1.)  Be curious. Dare to allow your curiosity to take you to new heights even if others may mock you. She cited NYU graduate Eric Kandel, who did just that. Kandel was deserted by his collaborator after deciding he was going to study the brains of California sea slugs, because many doubted how a sea slug could be relevant to understand human memory. He went on to win the Nobel Prize in 2000. "Kandel's life, I believe, demonstrates how a persistent curiosity can help us reach ambitious goals, even with great roadblocks in the way."

2.)  Listen to others. Demonstrate humility and a willingness to listen to others carefully. "Listening to others, especially those with whom we disagree, tests our own ideas and beliefs. It forces us to recognize with humility, that we don't have a monopoly on the truth."

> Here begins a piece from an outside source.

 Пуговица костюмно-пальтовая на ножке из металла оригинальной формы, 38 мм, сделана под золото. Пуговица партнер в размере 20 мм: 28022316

3.)   Accept failure is going to happen. You are going to make mistakes. Yellen said she and Fed officials struggled to find the right answers during the 2008 financial crisis. But even though not everything worked as they wanted it to, they never gave up until they found the right solution. "Finding the right path in life, more often than not, involves some missteps."

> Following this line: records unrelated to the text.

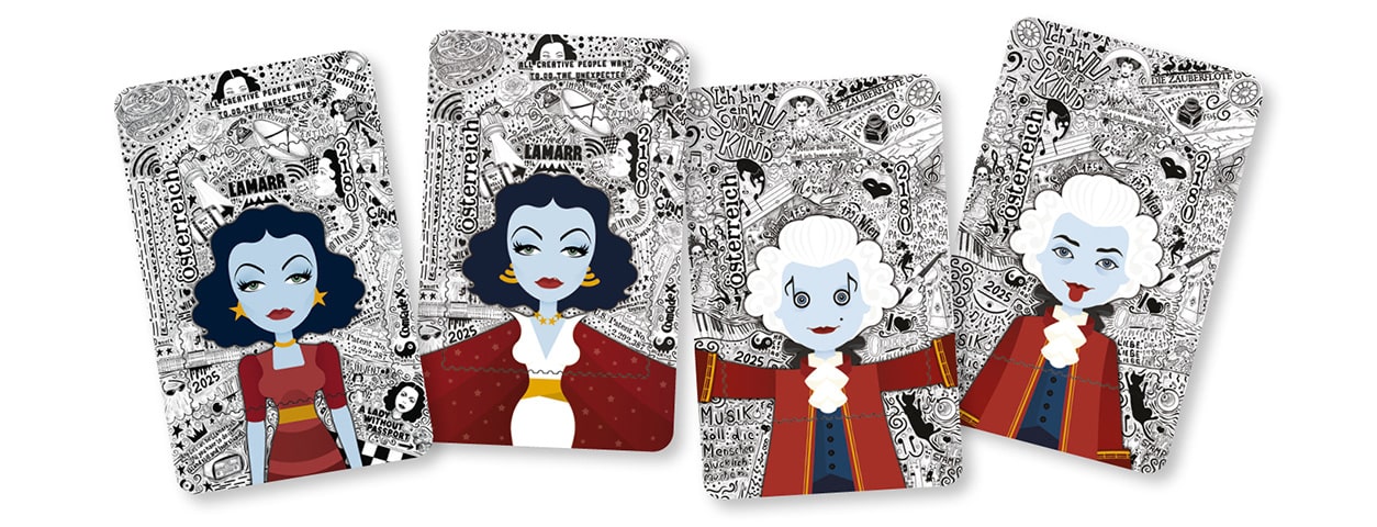 The new Crypto stamp art is dedicated to two extraordinary personalities from Austrian history: Wolfgang Amadeus Mozart and Hedy Lamarr. Both personalities embody ingenuity, creativity and the courage to break with convention. Hackatao interprets their complexity in four unique motifs: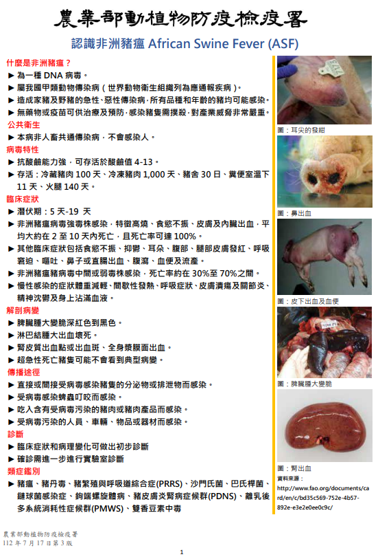 檢送「認識非洲豬瘟African Swine Fever(ASF)」宣導單張如附件,請加強宣(輔)導所轄(屬)養豬場或會員及相關業者,加強落實生物安全及衛生管理等防疫事宜公告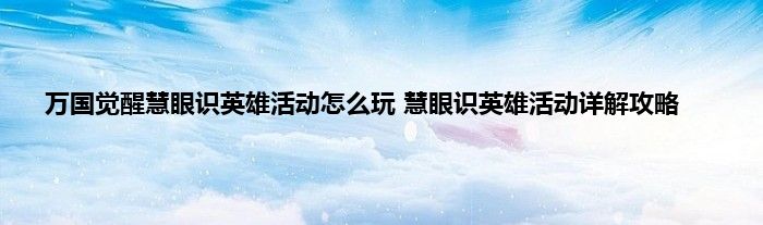 万国觉醒慧眼识英雄活动中玩家通过竞猜可以获得丰厚的奖励,很多玩家都想得到竞猜奖励,但是却不知道万国觉醒慧眼识英雄活动怎么玩,因此很多玩家想知道万国觉醒慧眼识英雄活动怎么玩?蚕豆小编为您带来万国觉醒慧眼识英雄活动详解。

4.)  Commit to your goals. While success is determined in part by ability, what will really count is "grit." There will be crucial times when you must be courageous, and you will have to stand up for what you believe in. Yellen referenced her predecessor Fed Chairman Ben Bernanke as having demonstrated that kind of courage during the financial crisis. "He faced relentless criticism, personal threats, and the certainty that history would judge him harshly if he was wrong. But he stood up for what he believed was right and necessary."

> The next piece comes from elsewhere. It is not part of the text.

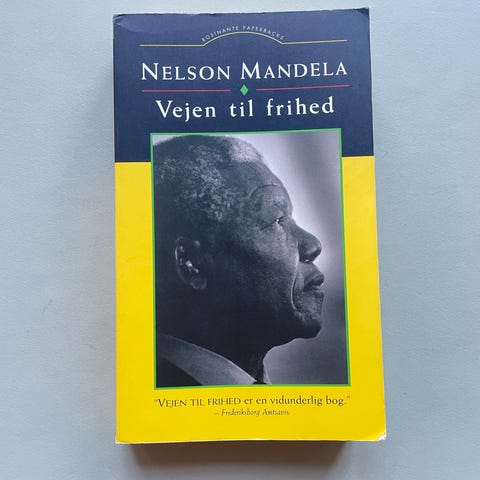 Nelson Mandela "Vejen til frihed" bog. Biografisk værk om Nelson Mandelas liv og kamp mod apartheid, udgivet på dansk. Bogen indeholder en personlig beretning om hans opvækst, politiske virke, fængsling og tiden frem mod demokratiseringen af Sydafrika. Velegnet til læsere med interesse for historie, politik og biografier.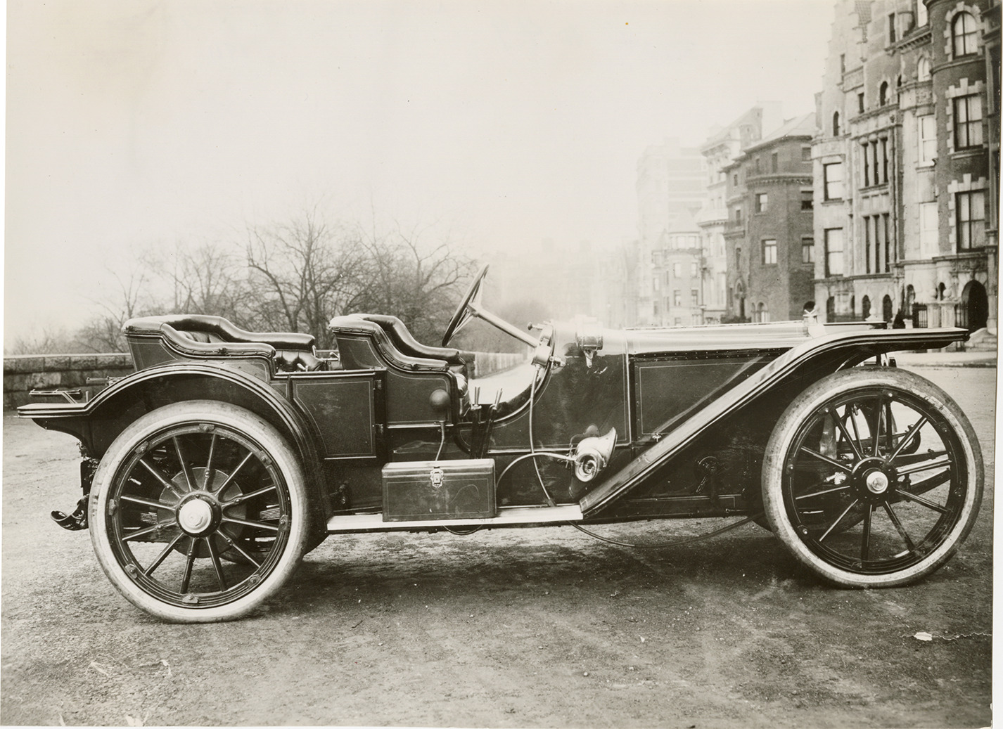 View of a 1911 American Underslung car. Handwritten on back: "American Underslung, 1911. $4000, 122 w.b., 50 h.p., 3000#."

5.)  Find your passion. Building a life is hard work, but it's made easier when you are passionate about your pursuits. Yellen entered the Fed 37 years ago struck by the passion of her colleagues to fulfill the central bank's duties effectively, and offered this simple advice: "If there is a job that you feel passionate about, do what you can to pursue that job; if there is a purpose about which you are passionate, dedicate yourself to that purpose."

6.)  Don't forget to laugh. There will be bumps in the road in the future, serious decisions to be made, but "take the time to savor the joys, large and small that come along the way. Share those joys with others, and share a laugh when you can."